RAW DATA:
################

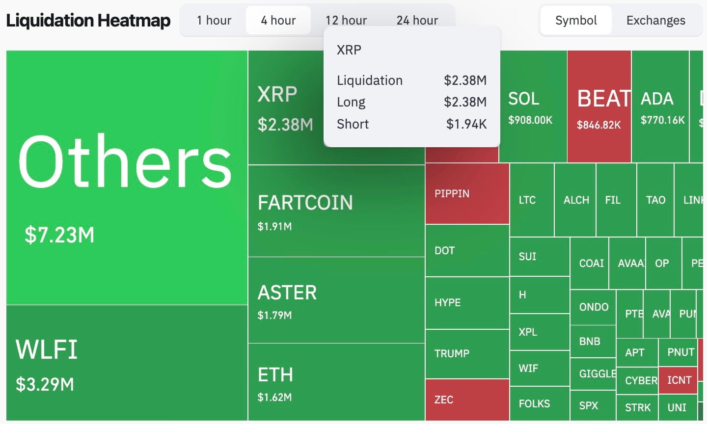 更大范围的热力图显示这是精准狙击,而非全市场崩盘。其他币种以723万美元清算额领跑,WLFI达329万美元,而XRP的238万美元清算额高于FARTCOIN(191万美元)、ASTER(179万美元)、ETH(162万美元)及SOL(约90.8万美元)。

################

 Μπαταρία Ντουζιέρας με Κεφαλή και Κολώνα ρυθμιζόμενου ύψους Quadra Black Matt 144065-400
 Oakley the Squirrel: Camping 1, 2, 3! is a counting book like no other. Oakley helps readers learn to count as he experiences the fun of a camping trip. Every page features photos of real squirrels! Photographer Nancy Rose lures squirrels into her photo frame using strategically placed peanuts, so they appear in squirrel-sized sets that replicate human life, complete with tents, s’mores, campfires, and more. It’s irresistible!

################

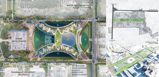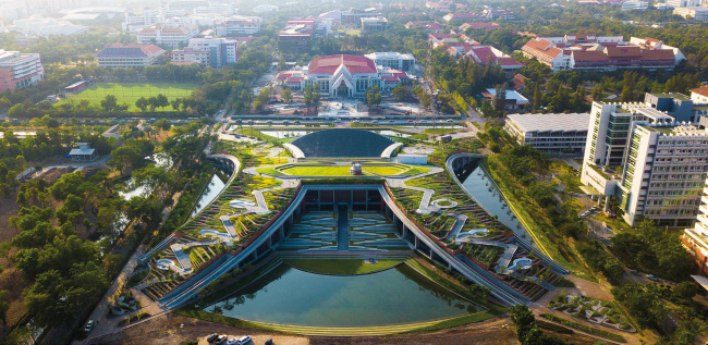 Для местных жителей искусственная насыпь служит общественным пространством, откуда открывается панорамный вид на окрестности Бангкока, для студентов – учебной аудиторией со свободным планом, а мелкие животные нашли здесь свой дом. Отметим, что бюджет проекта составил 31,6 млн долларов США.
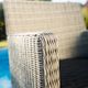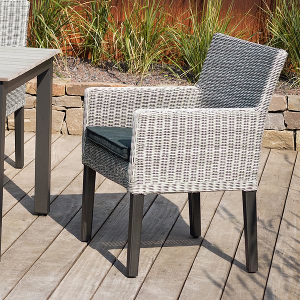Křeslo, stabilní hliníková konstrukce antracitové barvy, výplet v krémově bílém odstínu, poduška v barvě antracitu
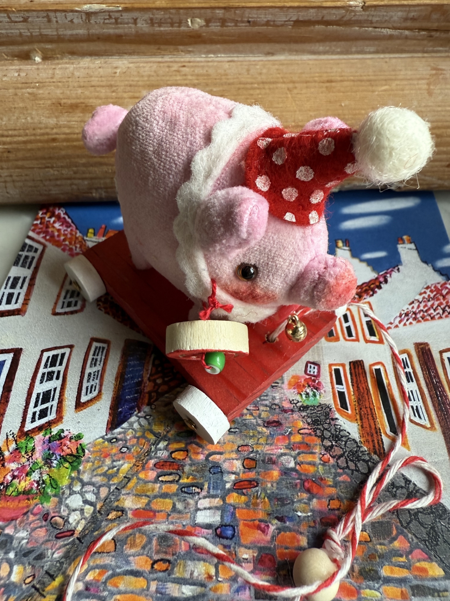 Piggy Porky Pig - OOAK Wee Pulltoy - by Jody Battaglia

################

Would you transcribe the lines above exactly, going from the line bearing "Для местных жителей" through the line bearing "Piggy Porky Pig", and drop the pictures from the copy?

 Для местных жителей искусственная насыпь служит общественным пространством, откуда открывается панорамный вид на окрестности Бангкока, для студентов – учебной аудиторией со свободным планом, а мелкие животные нашли здесь свой дом. Отметим, что бюджет проекта составил 31,6 млн долларов США.
Křeslo, stabilní hliníková konstrukce antracitové barvy, výplet v krémově bílém odstínu, poduška v barvě antracitu
 Piggy Porky Pig - OOAK Wee Pulltoy - by Jody Battaglia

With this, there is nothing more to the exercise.